The second type of filter is the one that filters out bots that actually visit your site and inject referrer spam that way. They also have 100% bounce but they are less efficient at it, because they do have to actually load your page and your analytics script to work.
This is a more traditional filter. You make a list of the spam hostnames you see in your analytics. Go to Acquisition – All Traffic – Referrals and add a secondary dimension as hostname. This will take some manual pruning. Go through the source list and identify sources where the source itself is a spam domain and the hostname is your domain. If the hostname is another domain, don’t worry; that data will be filtered by the first filter we created.

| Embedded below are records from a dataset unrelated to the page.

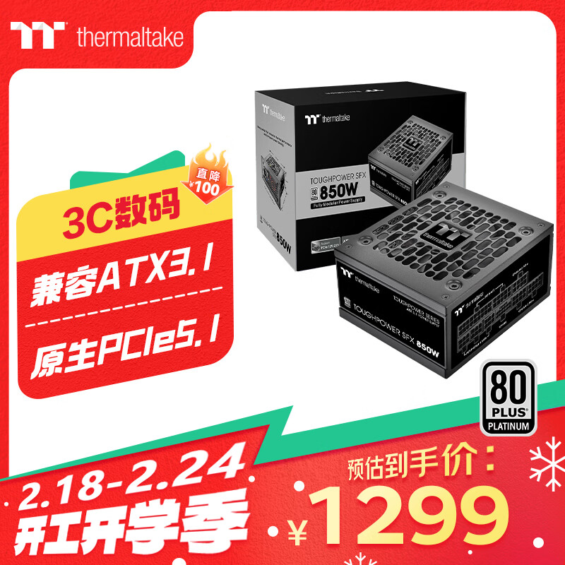 Thermaltake(Tt)额定850W 钢影Toughpower SFX 电脑电源(原生PCIe5.1/ATX3.1规范/80PLUS白金牌/全日系电容)价格:1299.00元!
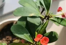 铁海棠为大戟科大戟属蔓生灌木植物;茎多分枝,具纵棱,呈旋转状;叶互生,通常集中于嫩枝上;每个花序基部边缘具微小的红色尖头;苞叶先端圆且具小尖头,无柄,上面鲜红色,下面淡红色;苞片丝状;子房光滑无毛,…全部>>
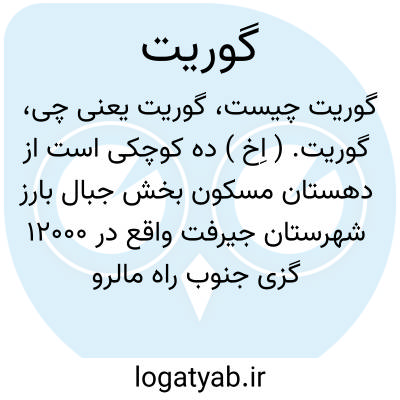 لغت نامه دهخدا گوریت. ( اِخ ) ده کوچکی است از دهستان مسکون بخش جبال بارز شهرستان جیرفت واقع در 12000 گزی جنوب راه مالرو مسکون به کروک. سکنه آن 8 تن است. ( از فرهنگ جغرافیایی ایران ج 8 ).
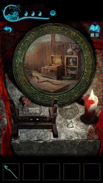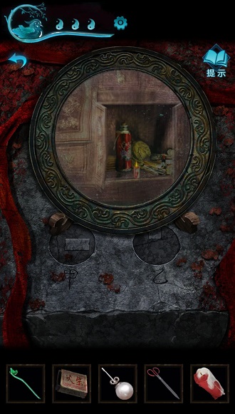 18、用小箱子挡住石门,然后再次进入地宫的位置,在里面的位置可以将金箔画贴在镜子上面,将珍珠耳环放在月亮的位置获得阴阳玉;
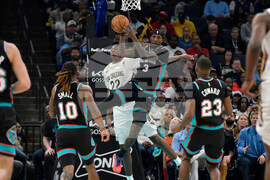 Memphis Grizzlies forward Cedric Coward (23) shoots against New Orleans Pelicans center Yves Missi (21) in the second half of an NBA basketball game Wednesday, Oct. 22, 2025, in Memphis, Tenn. (AP Photo/Brandon Dill)

For example, a filter list might look like: semalt.com|buttons-for-website.com to filter out those two spam domains. You will have to identify any spam domains you want filtered, but make sure they actually are spam domains. The problem with this kind of filter is the potential for misuse. If you filter a legitimate site, it kills a potentially valuable link. The risk is that you have to check a spam domain, and that’s exactly what the spammer wants. I recommend doing your testing with an incognito tab with adblock and noscript on, cranked up to max security.
Follow the same steps to create and test the filter as above, but this time set it to the “exclude” type rather than include, and use the field “Referral” instead of hostname. Put your list in the filter pattern and save to test.
The biggest problem with this filter, unfortunately, is that it only works as long as you keep up with it. As spam domains are dropped and others come up, your filter becomes out of date. You need to keep an eye out for new spam domains and add them to your filter, to keep it operating at peak efficiency.
This is a filter that chases the problem, but you can never catch up to it. You can’t add spam domains before they hit you. Or can you? Take a look at the top of this post. The folks over at Analytics Edge keep some filters up to date every month or so, and you can use them to pre-emptively filter spammers before they hit you.
Blocking out these spammers before they hit you is a matter for .htaccess blocking. That’s an entirely different deal, though, and it only works if your server is running Apache. If you meet those criteria, and are comfortable creating conditions in .htaccess, you can follow these steps to add spammers from your filter list to the block list as well.
When all is said and done, you should have a much cleaner, more spam-free Google Analytics report. You have to keep up with it, of course, but as long as you do so, you’re good to go.